The minimum entrance requirements are an upper second-class Bachelor’s degree from a UK university or an overseas equivalent and a strong aptitude for quantitative analysis. Applicants are likely to have studied a range of degrees including business, engineering, computer science, economics, and psychology.
We are aiming to prepare the next generation of “data native” leaders who are able to take data and transform it into a powerful strategic asset.
We would like to understand how the programme could help you achieve your career goals, and what skills will you will bring to the class.
When we assess your application we will be seeking to learn:
- Why you want to study Business Analytics at a postgraduate level;
- What particularly attracts you to this programme and to UCL;
- How your academic and professional background meets the demands of this challenging programme;
- What your post-degree aspirations are.
The personal statement is an opportunity to illustrate whether your reasons for applying to this programme match what the programme will deliver.
The 2023-24 fees are available online.
Course fees are administered by the Student Fees Office. For more information on fees and financial support, please visit: UCL Prospective Student – Fees and Funding page.
Scholarships are available through UCL for all years of study. Competition for scholarships is fierce, however, and to stand a chance of being chosen you will need to show evidence of commitment and the potential for high achievement.
Application for scholarships and bursaries must be made either when confirming your place before the start of your studies.
We are looking for intellectually curious, self-motivated students who are passionate about business, technology and data.
- Academic Profile: The minimum entrance requirements are an upper second-class (2:1) Bachelor’s degree from a UK university or an overseas equivalent and a strong aptitude for quantitative analysis. Applicants are likely to have studied a range of degrees including business, engineering, computer science, economics, and psychology. International Students may ascertain qualification equivalents from the UCL international students website. UCL Admissions check qualification equivalencies before forwarding application forms to our School. The UCL School of Management is unable to comment on international qualifications.
- Career Aspirations: Focused on helping global companies and high-growth businesses use business analytics to tackle world-scale problems.
- English Language Skills: Applicants whose first language is not English must be able to provide evidence that their spoken and written command of the English language is adequate. UCL’s preferred English language qualification is the International English Language Testing System (IELTS). A ‘Level 2’ is required for the Business Analytics: i.e. an overall grade of 7.0, with a minimum of 6.5 in each of the subtests.
- Application Process: Qualifications are assessed only once an application has been submitted. The equivalency of overseas qualifications cannot be assessed unless a full application with all supporting documentation such as degree transcripts, references, etc. has already been submitted to UCL.
Applicants who meet the entry requirements and are suitable for the programme may be invited for an online interview via Kira Talent. Applicants invited to interview will have a window of 7 calendar days from receipt of the email to complete the interview. An applicant’s failure to complete their interview within this window would lead to an unsuccessful application.
For further information regarding the Business Analytics MSc please contact the Programme Administrator via: email@example.com. For further queries regarding admissions please see the UCL Postgraduate Admissions Webpage.

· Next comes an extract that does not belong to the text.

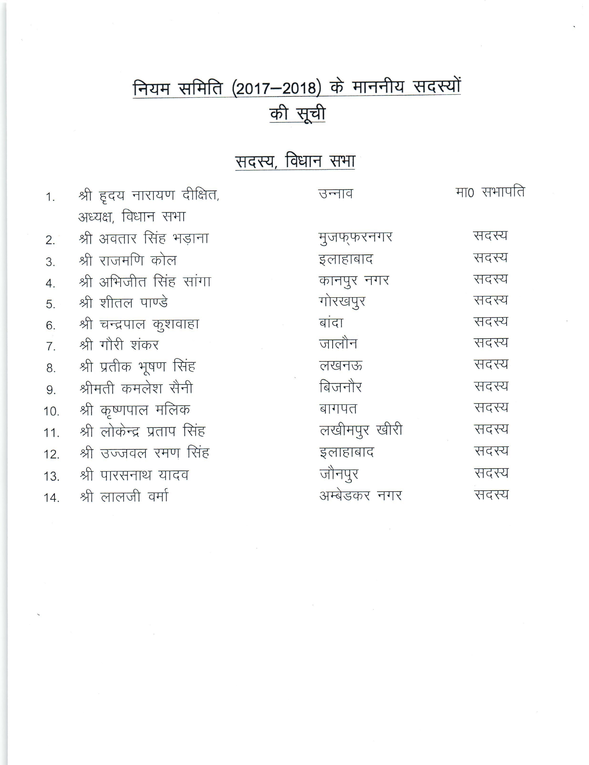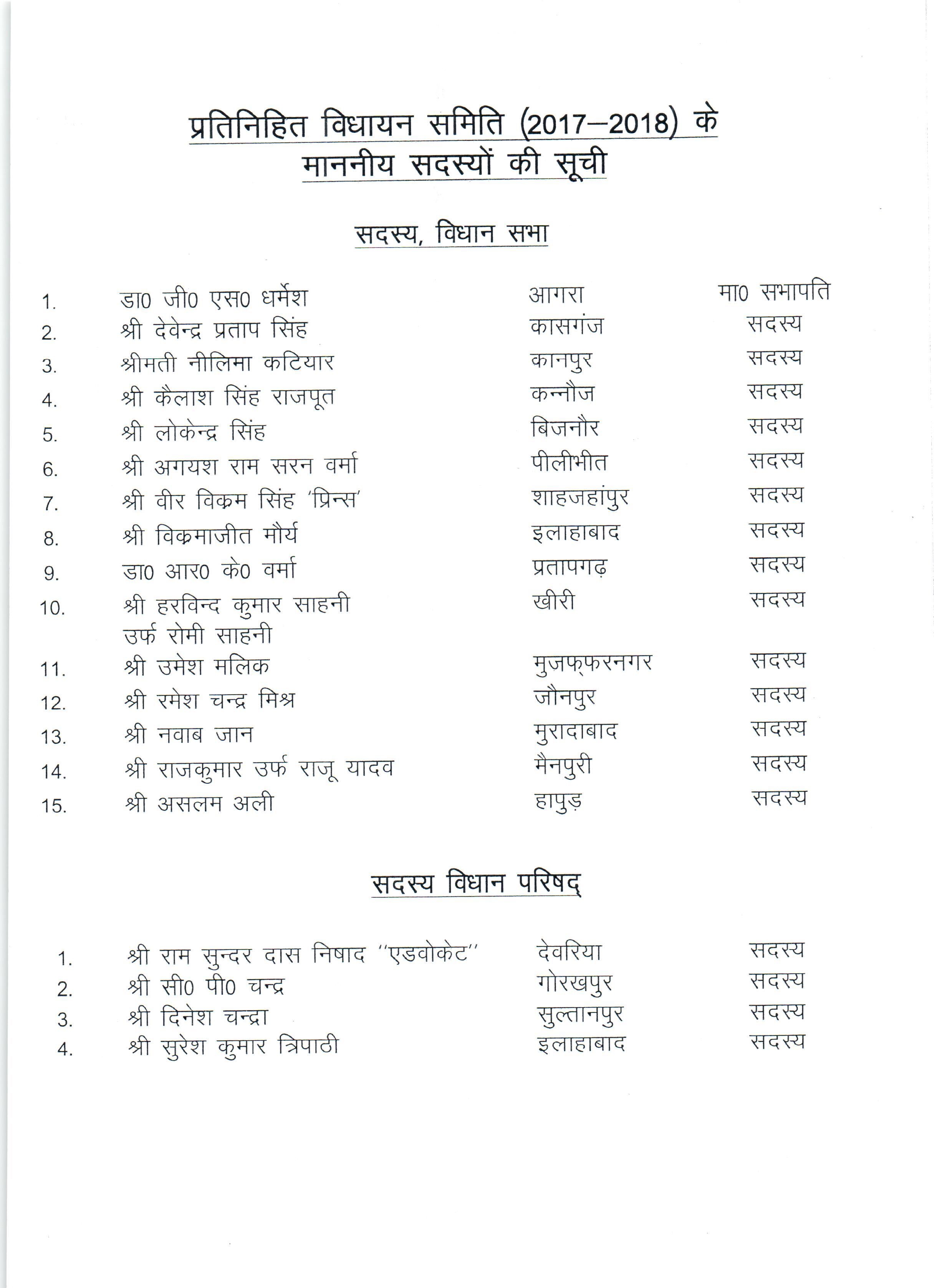 वर्तमान सार्वजनिक उपक्रम एवं निगम संयुक्त समिति के सदस्यों की सूची(2017-2018)

All full time students are required to pay a fee deposit of £2,000 for this programme. This programme does not have any compulsory additional costs outside of purchasing books or stationery, printing or photocopying.

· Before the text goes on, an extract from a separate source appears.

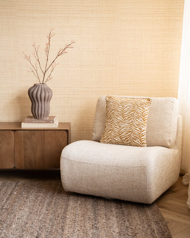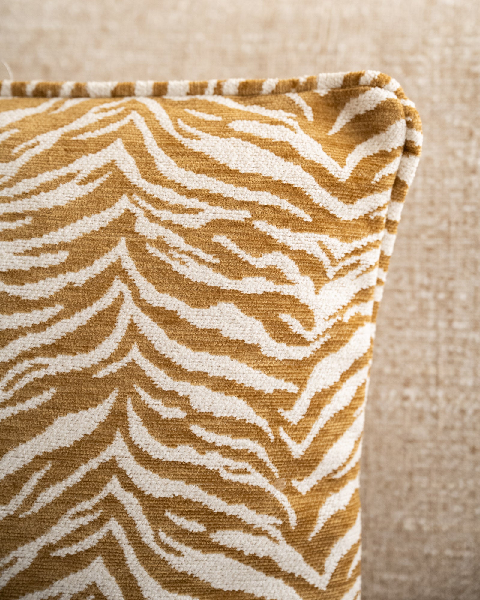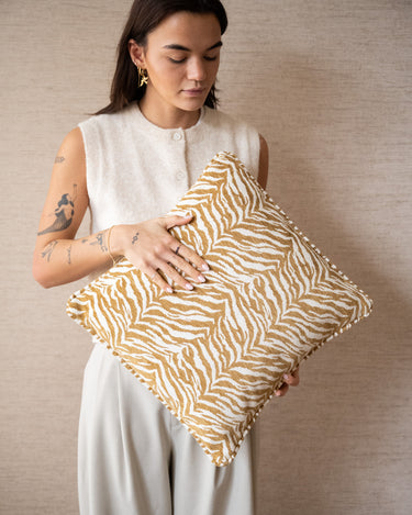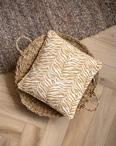 Cushion Tigra Ochre 45x45 combineert een grafisch tijgerdessin met een warme okergele kleur voor een stijlvol statement in huis. Dit sierkussen combineert moeiteloos met rustige basics en andere structuren voor een gelaagde, cosy look op je bank of fauteuil. Perfect om je zithoek nét dat beetje extra karakter te geven.
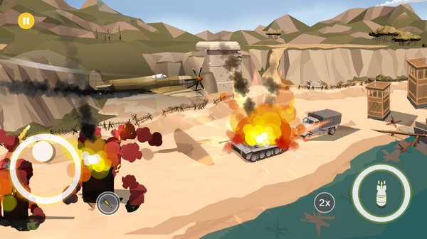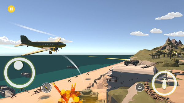 投弹攻击按钮:右下角炸弹按钮用于释放强力空袭,玩家点击即可投下炸弹,对地面目标造成巨大爆炸伤害。掌握投弹时机和角度是完成轰炸任务的关键。

This programme may include opportunities for students to undertake optional international study trips. The costs of such trips are usually covered by students although some elements may be subsidised or grants available depending on the destination, organisational and support responsibilities. On average, costs would be around £1,000 to £1,750 depending on the trip location, personal flight preferences and spending habits as well as the prevailing exchange rates.

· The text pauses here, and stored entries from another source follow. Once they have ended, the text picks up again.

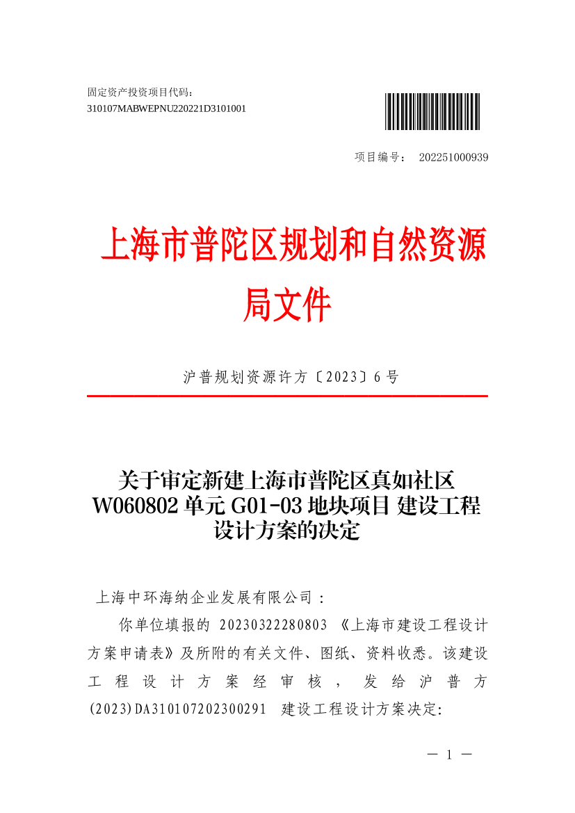 关于审定新建上海市普陀区真如社区W060802单元G01-03地块项目建设工程设计方案的决定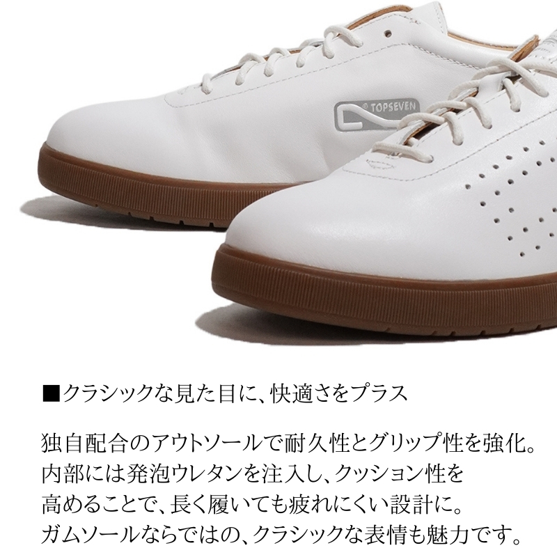 トップセブンのスタート当初を思い起こさせるようなクラシックなレザースニーカーに仕上げたモデルになります。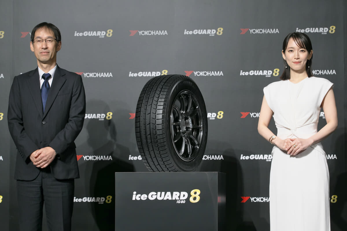 横浜ゴムは第8世代となる新商品の乗用車用スタッドレスタイヤ、「ice GUARD 8(アイスガードエイト)」を発表、9月1日から販売を開始します。発表会にはTV-CMに出演している吉岡里帆さんも駆けつけ、CM撮影の裏話なども話してくれました。素材から一新したアイスガードエイトについて紹介します。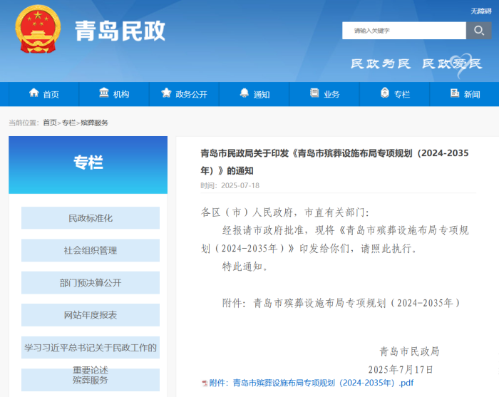 《规划》是落实《青岛市国土空间总体规划(2021-2035年)》发展目标、指导全市殡葬服务设施规划建设的重要依据,对优化全市各类殡葬设施布局和功能具有重要意义。《规划》主要包括总则、现状与问题、规划原则与发展目标、殡葬设施标准与需求预测、殡葬设施总体布局及各区(市)布局规划、近期建设规划、实施保障措施等内容。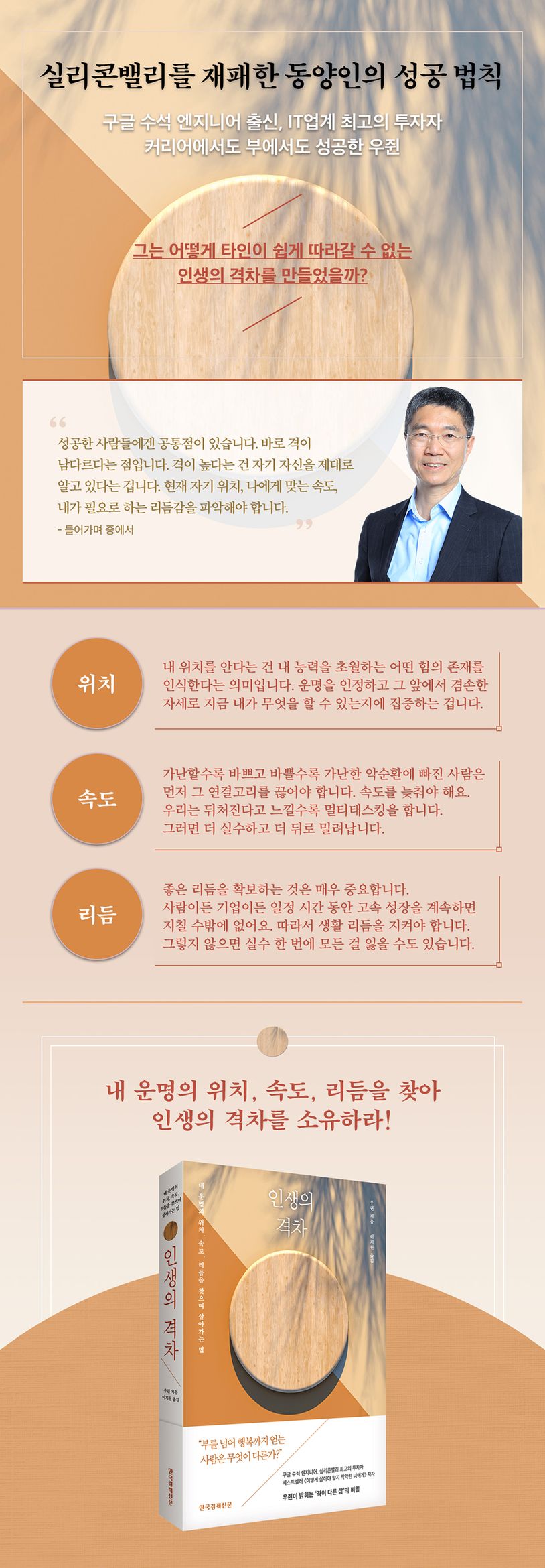 커리어, 부, 가정생활 등 거의 모든 영역에서 성공적인 삶을 소유한 우쥔은 이번 책에서 자신의 인생 철학을 풀어놓는다. 이를 관통하는 키워드는 ‘격’이다. 그가 관찰한 결과 성공한 사람들은 모두 격이 높았다. 첫째, 성공한 사람들은 철저히 현실적이다. 자신의 현재 ‘위치’를 냉정하게 판단한 후 원하는 목표를 향해 나아가며, 그 과정에서 현실적으로 자기에게 맞는 ‘속도’와 ‘리듬’을 찾는다. 그러나 의외로 많은 사람들이 이러한 현실 감각을 갖추지 못한 채 살아간다. 둘째, 성공한 사람들은 최대한 적은 일을 한다. 많은 일을 하려 하지 않고 의미 없는 일을 더더욱 하지 않으며, 영향력이 큰 몇 가지 일을 하는 데 집중한다. 그러나 사람들 대부분은 이와 반대로 행동한다.

For more information on additional costs for prospective students please go to our estimated cost of essential expenditure at Accommodation and living costs.
Why choose us
UCL is one of the world’s very-best universities, consistently placed in the global top 20 in a wide variety of world rankings.
UCL’s Business Analytics is unlike any other degree in the UK. It provides you with an opportunity to develop an in-depth understanding of how companies are transforming data into a powerful strategic asset and a rigorous foundation in the key skills needed to build a successful career in global businesses.
The programme is taught by the UCL School of Management, which is focused on creating disruptive research and entrepreneurial leaders for the complex, interconnected world of the future.
The Business Analytics MSc
- Provides students with in-depth knowledge and understanding of business analytics
- Prepares students for working in a complex, interconnected, data-driven environments
- Delivers practical experience of applying new learned skills to a real business problem
- Prepares students for jobs in industries and organisations characterised by rapid changes in problems, opportunities and tools
- Enables students to develop the awareness, background, and skills necessary to become responsible citizens, employees, and leaders who can make a contribution to tackling some of the world’s most difficult social and economic problems
In particular, the programme will help students develop:
- A critical appreciation of data, its potential and limitations, and how data can be used to improve business decision-making, and create value and competitive advantage in complex, interconnected, data-driven environments
- A knowledge and understanding of relevant statistical and computational techniques and how they can be applied in practice to business analytics problems
- An understanding of how data and analytics can provide the basis for new business models and new products and services
- The insight and skills required to frame business analytics problems, and define and deliver practical, high-impact business analytics projects that improve business performance
- An understanding of the opportunities to unlock value through business analytics in specific management areas, e.g. strategy, marketing, operations
- An ability to communicate analytics results effectively to non-specialist audiences, including business executives, partners and customers.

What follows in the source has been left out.